The scoreline tells one story; the swing between games one and two tells a better one. Coton was dominated in the opener, shipping the game 5-11, and anyone who has been on the wrong end of a lopsided first game knows how quickly the head drops. What Coton did instead is the detail worth studying: he reset, tightened his structure, and won the next four games in a pattern of growing confidence rather than desperate improvisation.

Games two and three, 11-8 and 11-9, established that Coton was constructing points rather than waiting for Shinozuka to hand them over. The fourth game was where the match was decided. Shinozuka held three game points to level at two games apiece; Coton saved all three, eventually taking the game 12-10. Denying an opponent in possession of match-levelling momentum not once but three times is the kind of pressure management that separates players who can win tournaments from players who only win individual games. The fifth game, 11-7, was not close.

Two things in that sequence are directly transferable to a club session this week. First, Coton did not alter his tactical structure after losing the opener. The recovery from 5-11 to 11-8 was not a desperate gear change; it was the same game, executed more cleanly.

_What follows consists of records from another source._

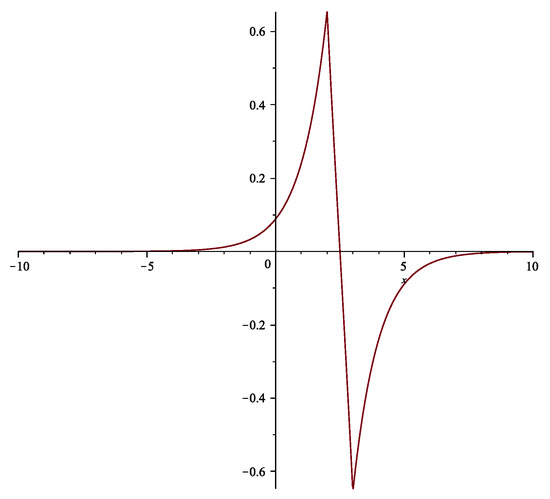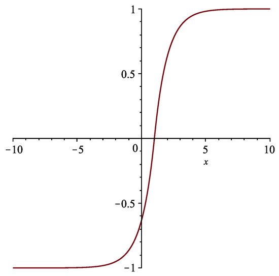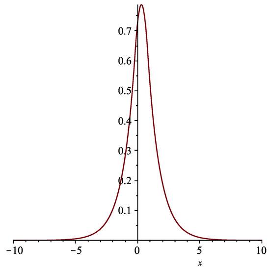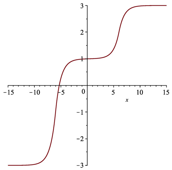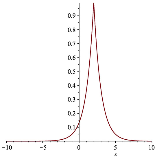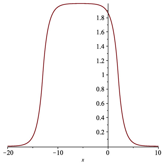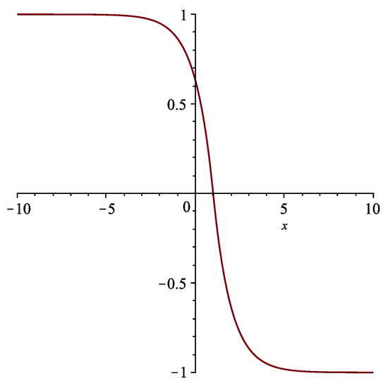 For , we have , which yields , where c is an arbitrary constant. Thus the single kink solution (See Figure 3 and Figure 4) is stationary and it reads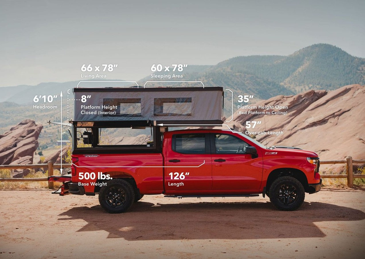 The M1 is an ultralight, durable truck camper that transforms your truck into a roomy, comfortable shelter. With generous headroom, an east-west queen bed (optional king extension), and 360° views, it redefines life on the road.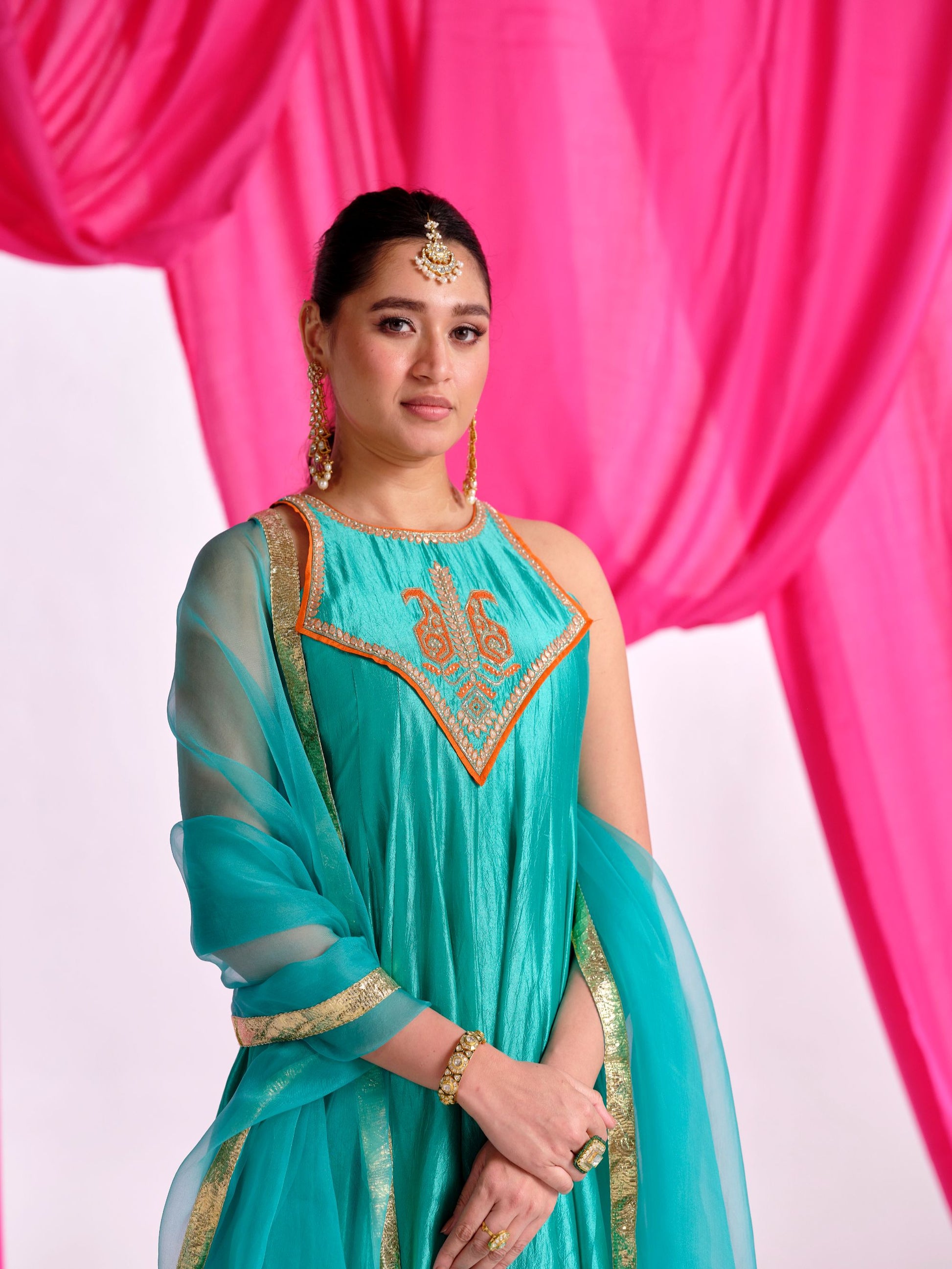 This set pairs a silk fabric top with a flat silk bottom and an organza dupatta. The intricate Gota, thread, and Aari work add a touch of opulence to the ensemble.

Second, in the fourth game with Shinozuka at match point, Coton absorbed the moment rather than forcing it. Staying in the rally, keeping the ball on the table at high-intensity deuce, and making the opponent use each of those three opportunities the hard way is a discipline available at any level.

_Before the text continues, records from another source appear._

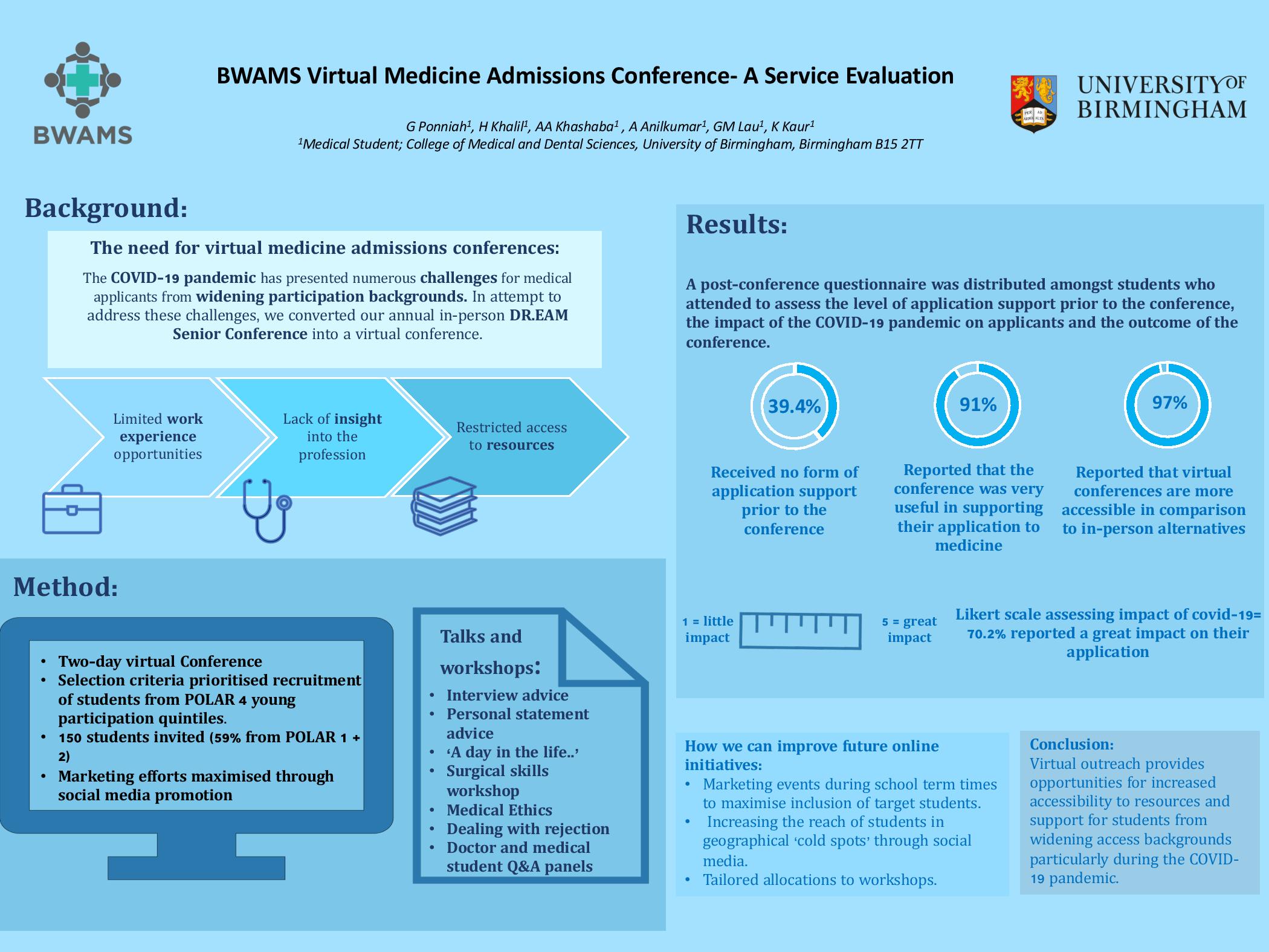 | Dr.eam Virtual Medicine Admissions Conference- A Service Evaluation | Ponniah G., Khalil H., Khashaba A.A, Anilkumar A., Kaur K., Lau GM. | gxp625@student.bham.ac.uk |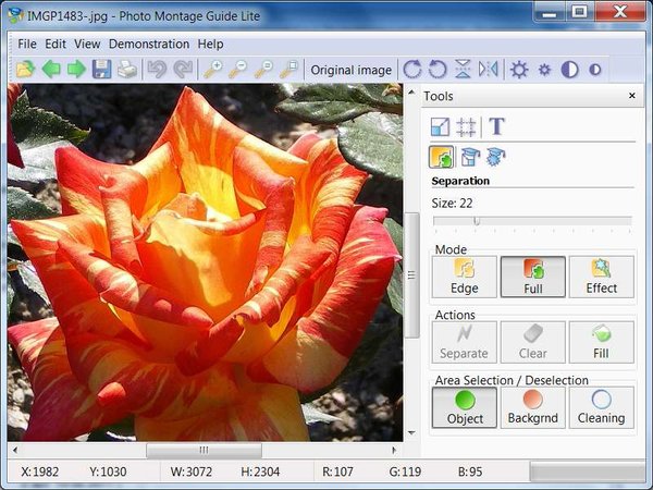 Changes the image size and aspect ratio, removes objects without visible traces. Separates solid objects from an arbitrary background and transfers them to another photo, allows combining two pictures together.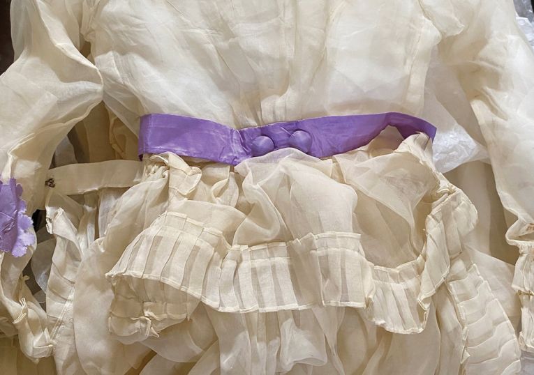 “I remember opening it, pulling back the tissue paper to see an 1860s or 1870s dress,” she says. “It was made from the most sheer cream silk organza, and it had these purple bows and ruffled details. It was absolutely incredible, with little pleats along the hems. It was so exciting.

The Contender sits fourth in the WTT hierarchy, but the ranking points from a Tunis title carry genuine weight for a player in Coton's bracket near the world's top 30. Results at this level can accelerate movement toward the top 20, and his No.1 seeding in Tunis confirms he already has the ranking foundation to compete here. His trajectory from WTT Feeder success to a first Contender title follows a path cut by Félix Lebrun, whose name sits earlier on the past-winner roll for French players at this level.

Coton's individual title was not the only French result of note on the day. French players also claimed the doubles final in Tunis, prompting AFP to describe 29 March as "an excellent day for French ping-pong." That collective performance fits the broader pattern of a French generation, Coton alongside the Lebrun brothers and their doubles partners, building WTT presence across multiple disciplines at once.

At 17 and with a first Contender title confirmed, Coton arrives at his next WTT stop with improved seeding prospects and, perhaps more valuable than the points, the demonstrated knowledge that he can close a five-game final when an opponent has match points in hand.